Today, Levin said, the NIH needs smaller but steady funding increases. It also need to consolidate its 27 research institutes into about a dozen broader entities focused on related diseases and disorders. He acknowledged that would be difficult given the constituencies in medical and patient circles seeking funding for each institute.
“The NIH has done an enormous amount of good, and it makes sense to spend the enormous amount of money we spend on medical research. But 27 separate institutes, each carving out its own channels, makes for multiple institutes doing the same thing when they really ought to be working together,” Levin said. “Since we spend so much money, we might as well do it in an efficient way.”
“This is the first at-bat, if you will, and I’m trying to encourage people not to get too disappointed with this go-around.” |
Congress sought to address the efficiency issue last year when it reauthorized NIH, but stipulating that the agency not create any more institutes.

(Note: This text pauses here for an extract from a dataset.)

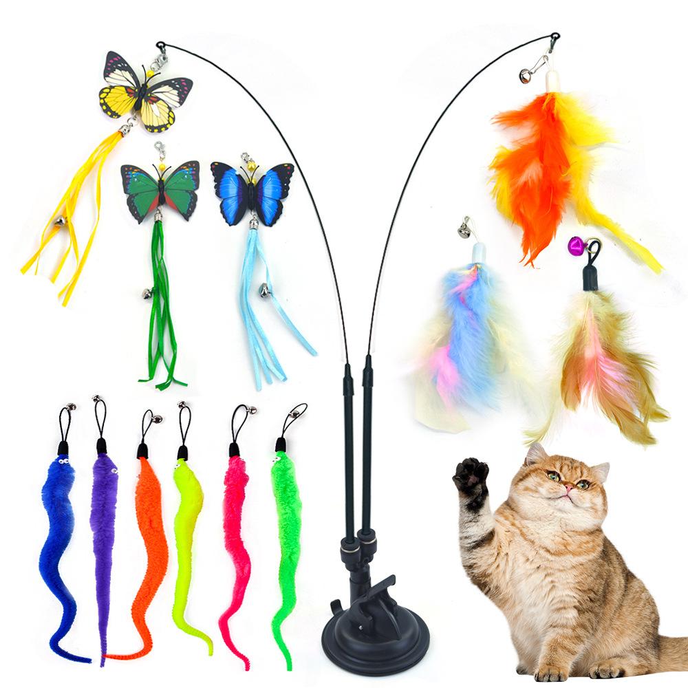 Juguete para gatos transfronterizo nuevo, cabeza de repuesto de mariposa oruga, ventosa fuerte, divertido palo para gatos, juguete para gatos, traje

Levin also argued that research institutes and universities could pursue more private funding through foundations rather than rely on NIH. “Over time, it would be helpful if academic researchers looked more to private-sector and philanthropic support than they do now, rather than see themselves as wards of the state.”
That view is at odds with what biotech advocates and even many industry observers have long said publicly.
“I just have a plea to all of you,” urged Steven Burrill, CEO of Burrill & Company in San Francisco, speaking last month at BIO 2007: “We need to be active in trying to continue to support medical research on a global basis, or everything underlying our industry will wither away.”